Я снова взглянул на цифру тринадцать на календаре. Сегодня некогда всесильный министр Щёлоков застрелился. Так случилось в моей прошлой жизни. Дату я запомнил, потому что долго рылся в интернете: выяснял, где именно покончил с собой Николай Анисимович. Одни источники утверждали, что случилось это на его даче в Серебряном бору. Другие заявляли, что перед смертью бывший министр вернулся с карабином сына в квартиру на Кутузовском проспекте. Разнилась и информация о написанных Щёлоковым письмах — в частности, о письме к генсеку Черненко. В некоторых статьях утверждали, что Константину Устиновичу бывший министр отправил письмо за три дня до смерти. Другие «информированные источники» говорили, что послание генсеку нашли рядом с телом Щёлокова.

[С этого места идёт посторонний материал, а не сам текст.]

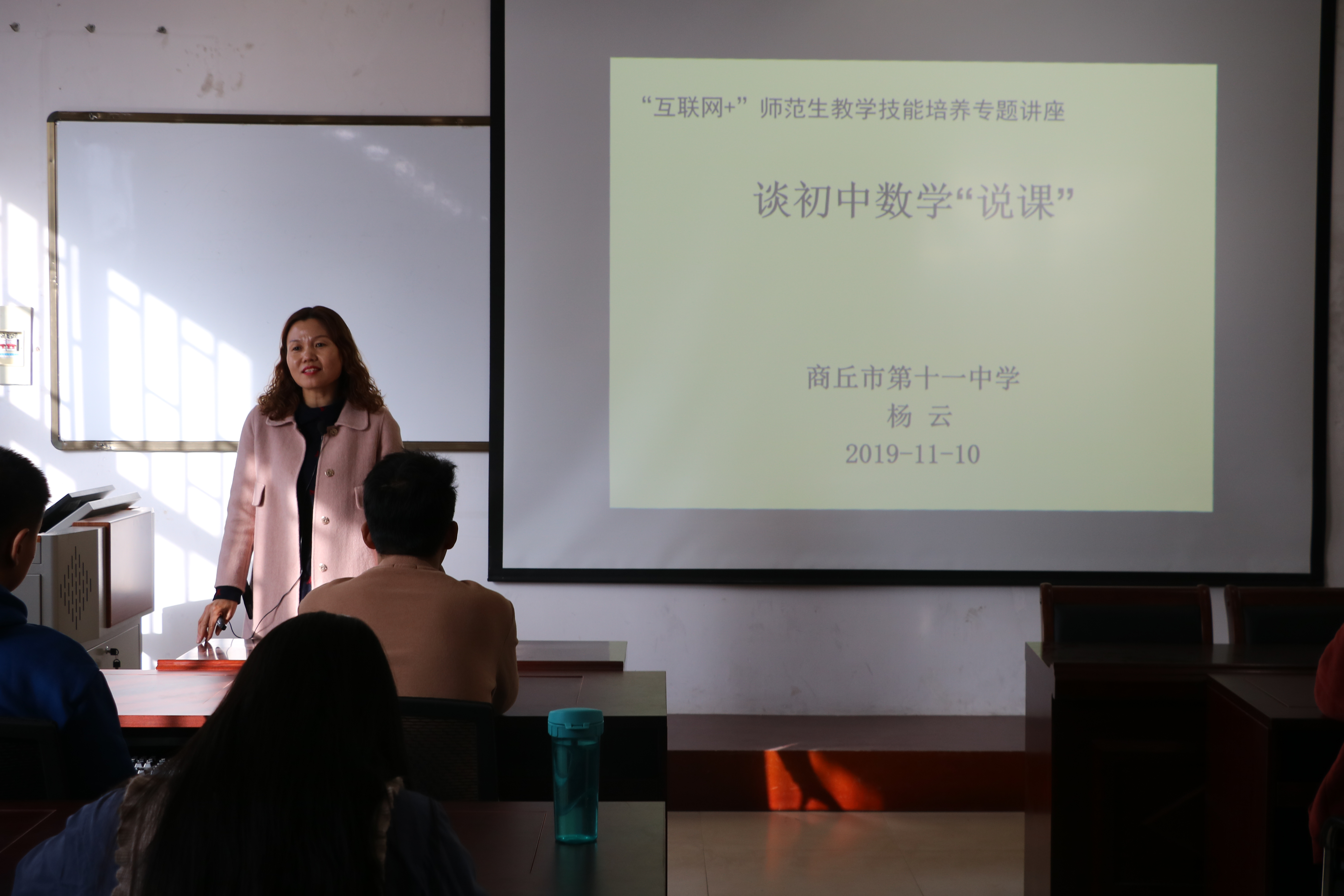 为切实提高师范生的说课能力,11月10日上午九点英国威廉希尔公司“互联网+师范生技能培养”专题讲座之谈初中数学“说课”在睢阳校区办公楼二楼208教室举行。本次活动由英国威廉希尔公司副院长张斐然,工作坊负责人姜素华、黄丽芝老师及商丘市实验中学刘菲老师出席,全体坊员参加。讲座由商丘市第十一中学教学名师杨云老师主讲。
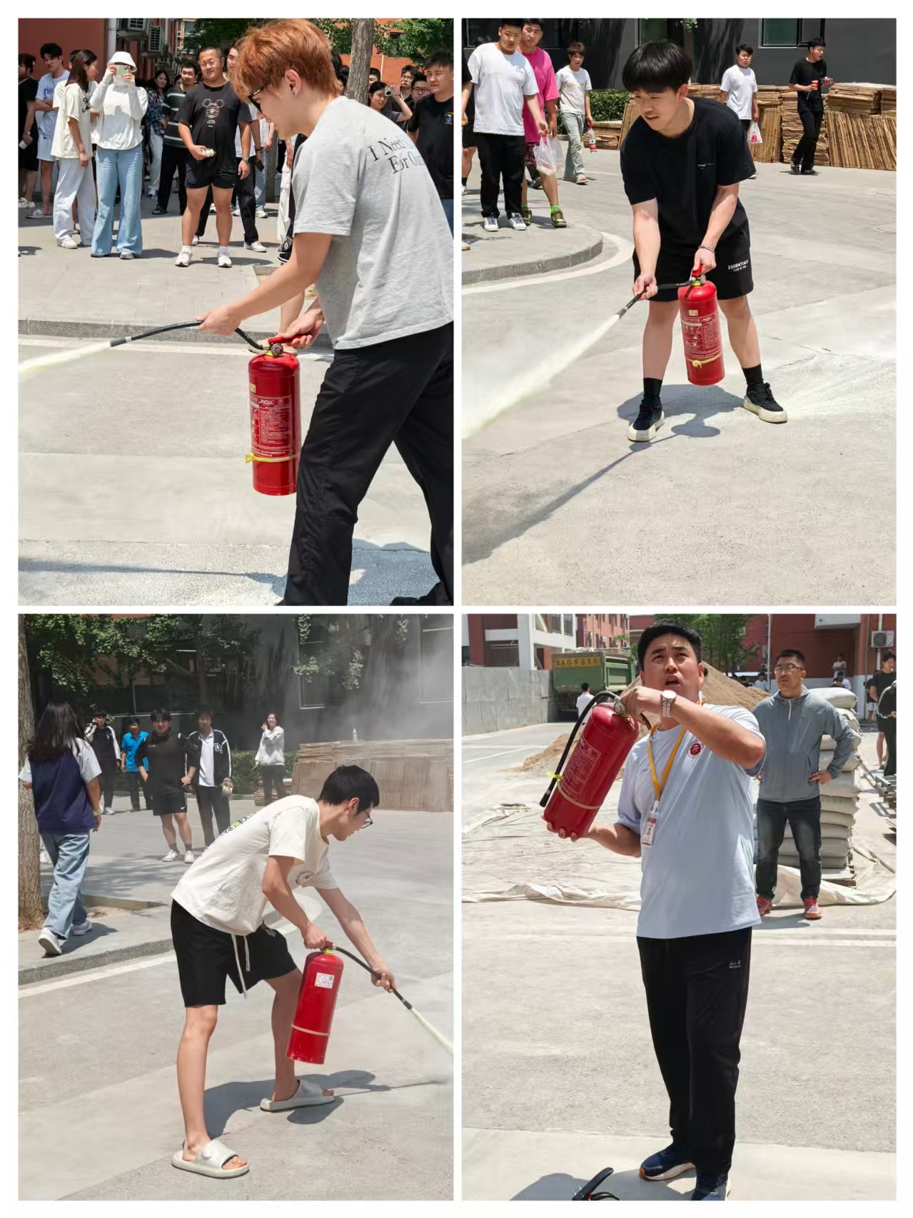 模擬火情現(xiàn)場(chǎng)設(shè)置在學(xué)生2號(hào)公寓。隨著警報(bào)聲響起,演練正式開(kāi)始。師生按照預(yù)定的疏散路線迅速而有序地撤離,整個(gè)過(guò)程大家積極參與,保持冷靜,不推搡、不擁擠,確保了疏散順利進(jìn)行。尤其在講解滅火器使用的環(huán)節(jié),同學(xué)們特別認(rèn)真參與實(shí)踐,切身感受到火災(zāi)來(lái)臨的緊急性和危險(xiǎn)性。

До «правды» я тогда так и не докопался: отвлёкся на другие дела. Потому рассказывал Лукину о письме к Черненко в формате «или, или». Как и о месте самоубийства бывшего главного милиционера СССР. Сказал, что во всех версиях присутствовал карабин и письмо. Не отличалась в источниках и дата: тринадцатое декабря — на следующий день после известия о лишении Николая Анисимовича госнаград и звания Героя Социалистического Труда. На мой вопрос о том, почему он вдруг так заинтересовался судьбой Щёлокова, бывший боевой лётчик ответил уклончиво (в духе «видел его — неплохой он мужик»). «Та самая» дата (тринадцатое декабря) подходила к концу. Я прислушивался к звукам из телевизора за стеной и размышлял: увижу ли я завтра в газетах некролог Щёлокову.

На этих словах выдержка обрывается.